New data from trials with the now discontinued high-density lipoprotein (HDL)-increasing drug, torcetrapib, have shown that it stimulates aldosterone, which may possibly account for its adverse outcomes. In addition, patients with the largest HDL rises showed benefits with the drug, suggesting that the HDL produced was functional. These observations raise hopes that other drugs which raise HDL by the same mechanism as torcetrapib may still be effective.

Final results of the ILLUMINATE (Investigation of Lipid Level Management to Understand its Impact in Atherosclerotic Events) trial of torcetrapib were presented by Professor Philip Barter (Heart Research Institute, Sydney, Australia). The study was stopped last December because of a higher rate of both deaths and cardiovascular events in the torcetrapib group.

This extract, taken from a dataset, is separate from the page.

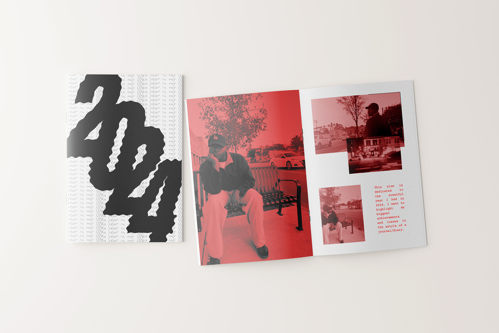 A 15 page zine about my 2024... it explores the end of my high school journey, the start of my college journey, and self-exploration.

Professor Barter commented that the observation that torcetrapib increases aldosterone levels could explain some of the adverse clinical results with the drug. “Several other CETP inhibitors in early development do not appear to have this effect on aldosterone, which gives us hope that this class of drugs may still be successful,” he said. “This class of drug has the potential to save so many lives. We should not give up on them,” he added.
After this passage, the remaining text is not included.